Алексей Алексеевич. Александр Иванович, ты прав, но не совсем. Сейчас не советские времена и мой моральный облик – это мое дело. Какой есть, таким пускай и принимают, и нечего трястись как раньше, боясь парткома. Плевал я на все эти бабьи мнения. До выборов еще три месяца. Вот погоди, скоро откроем детский сад, филиал московской швейной фабрики готов, а это – сто работающих. Еще что-нибудь сотворим, и бабы не только замолчат, а еще и за меня агитировать будут. Наливай, выпьем еще. Хороший у тебя коньяк.

Бондарев. Может, ты и прав. Народ, в сущности, – быдло. Лохи и недотепы. Вот месяц назад явился ко мне один и предложил арбузы взять на продажу. Говорит, что его дочь из-под Астрахани пригнала КАМАЗ с прицепом – тонн двенадцать арбузов. Разгрузили их у него в палисаднике. Так он хотел, чтобы я их продал за пять процентов. Я ему говорю, что и за пятьдесят еще подумаю, брать ли. Так что ты думаешь – обозвал меня по-всякому и ушел. А недавно я узнал, что сгнили они у него, даже скотина жрать отказалась. Вот такие бараны.

Или еще пример. Пригласил я одного столяра. Руки золотые. Думал, налажу столярное дело, буду продавать изделия у себя в магазине. Ему предлагаю двадцать процентов от цены. Так он меня эксплуататором обозвал. Говорит, что выручку надо делить пополам. Я ему и так и сяк разъясняю: станки – мои, помещение – мое, магазин – мой, материал – мой, ты соображаешь, что ты говоришь? Да двадцать процентов – это из уважения, а по-хорошему и десять много. Ушел. Сейчас живет без работы, рассказывают, что жрать ему нечего.

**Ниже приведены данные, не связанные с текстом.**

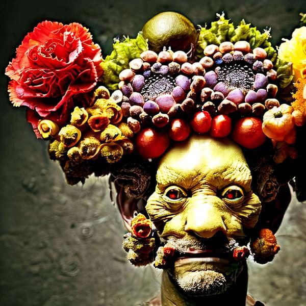 制作者と AI (AI アート作成用のプログラム Stable Diffusion 2.1 (768)) とからなるアートユニット anonymous による画家風のアート画像です.そのプログラムに「arcimboldo」ということば (prompt) をあたえて創造させました. 負のプロンプトとして「severini」を指定しています.
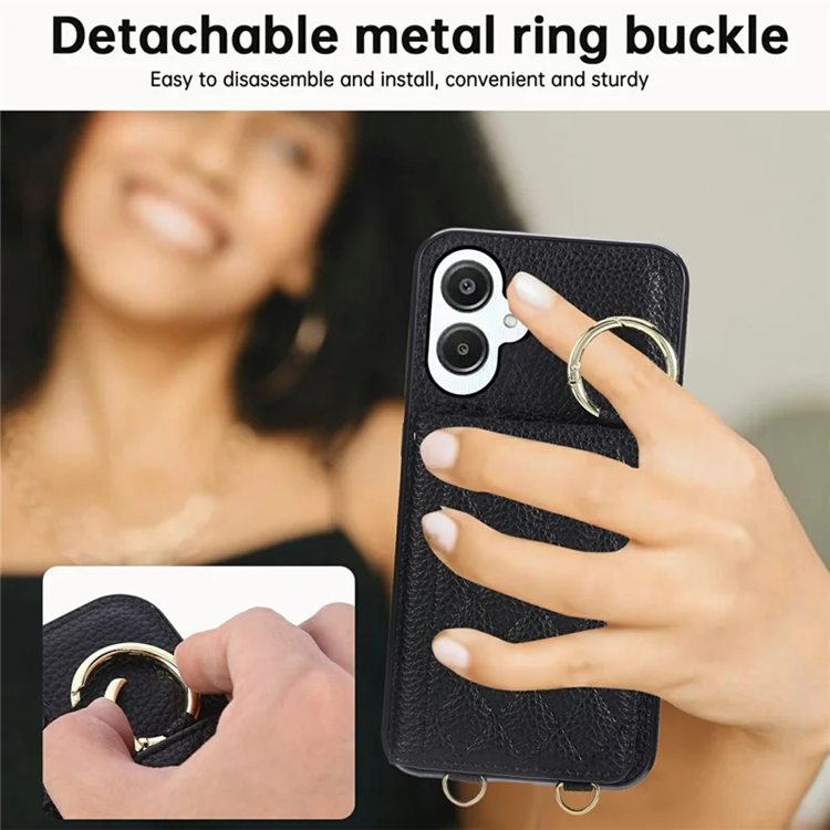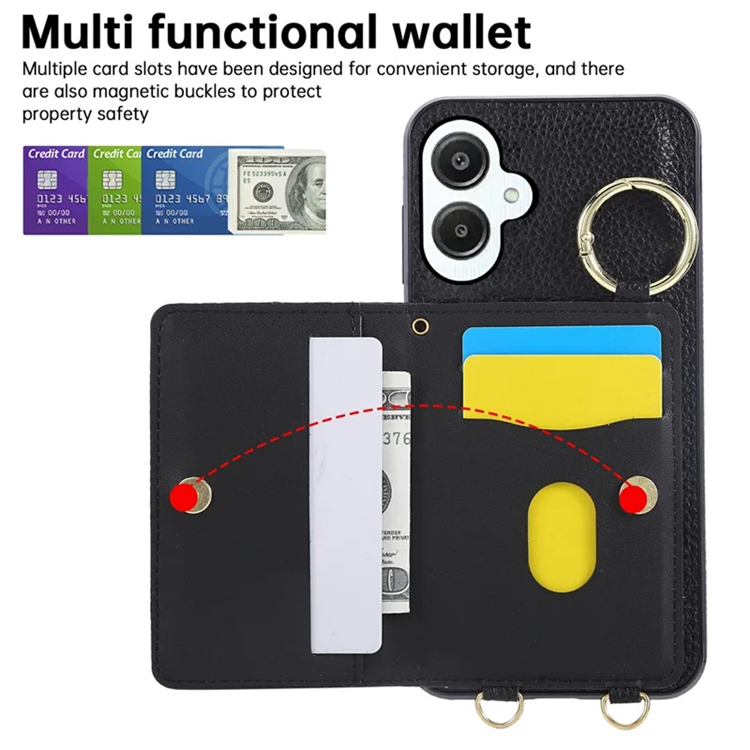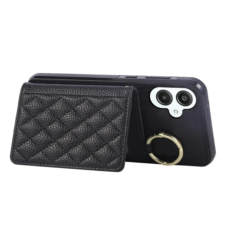Galaxy A06 4G/5G Mobilskal Korthållare Kickstand Rhombus Läder TPU med Axelrem - Svart

Алексей Алексеевич. Да, Саша, народ такой. Испорченный. Налей еще, на работу не пойду. По полям сегодня проеду. Заодно проветрюсь.

Выпили еще. Посидели, помолчали, закусывали.

Бондарев. Ты знаешь, Алексей, воруют у меня все, кто только может. И ведь ни хрена не сделаешь. Давай еще тяпнем. Я завелся что-то. Но ничего – прорвемся, победим.

Опять выпили. Закусывают молча. К офису подъезжает Воронин на «Ниве». Останавливается невдалеке.

Воронин (обращаясь к рабочим, ремонтирующим фасад). Ребята, Александр Иванович на месте?

Рабочие. У себя, на месте. Только к нему начальство приехало.

Воронин. Какое начальство?

Рабочие. Глава администрации.

Воронин. Ну что ж, подожду. Торопиться мне некуда.

Прошел, сел в приемной. Услышал голоса. Они раздавались из-за неплотно прикрытой двери.

Алексей Алексеевич. Победим, Саша. Куда мы денемся? Надо только держаться друг за друга.

Бондарев. А тут не так давно Мишка ко мне зашел. Ты его, наверное, знаешь – смотрящий. Тринадцать лет отсидел за убийство. Серьезный человек. Я ему кое в чем помогаю. Спрашивает меня: «Иваныч, а ты Чеченца обидел чем-то?» Чеченец – это кличка. А так-то он русский. Говорит, жил в Грозном, и в его квартиру в самом начале войны попал снаряд. Уехал. Черти его занесли к нам. Ко мне на работу попросился. Я его взял, поселил, накормил. И вот за все это, ты только представь, он Мишке говорит: «Давай его, то есть меня, ошкурим. У него доллары есть». Не знал он, сволочь, что мы с Мишкой в доверии, я же это не афиширую. Рассказал я Мишке все как есть. Он говорит: «Согласись – и мы его зароем. Никто никогда не найдет». Нет, говорю, пришли его ко мне, я с ним потолкую.

Алексей Алексеевич. Ну и как поговорили?

Бондарев. Хорошо поговорили. Сели в кафе. Спрашиваю его: «Ты говорил это?» И все дословно, как Миша, пересказал. Вертеться он не стал. Побледнел и сознался: «Говорил». Но, дескать, только чтобы попугать. Ну, я не стал разводить антимонию. Спокойно ему пояснил: «Имей в виду, если что-нибудь случится со мной или с моими родственниками, тебя не убьют, нет – тебя будут рвать по кускам, пока не сдохнешь. Понятно?». Он ответил, что очень понятно. И еще ему сказал, чтобы мне больше на глаза не попадался. Вот с тех пор я его и не вижу.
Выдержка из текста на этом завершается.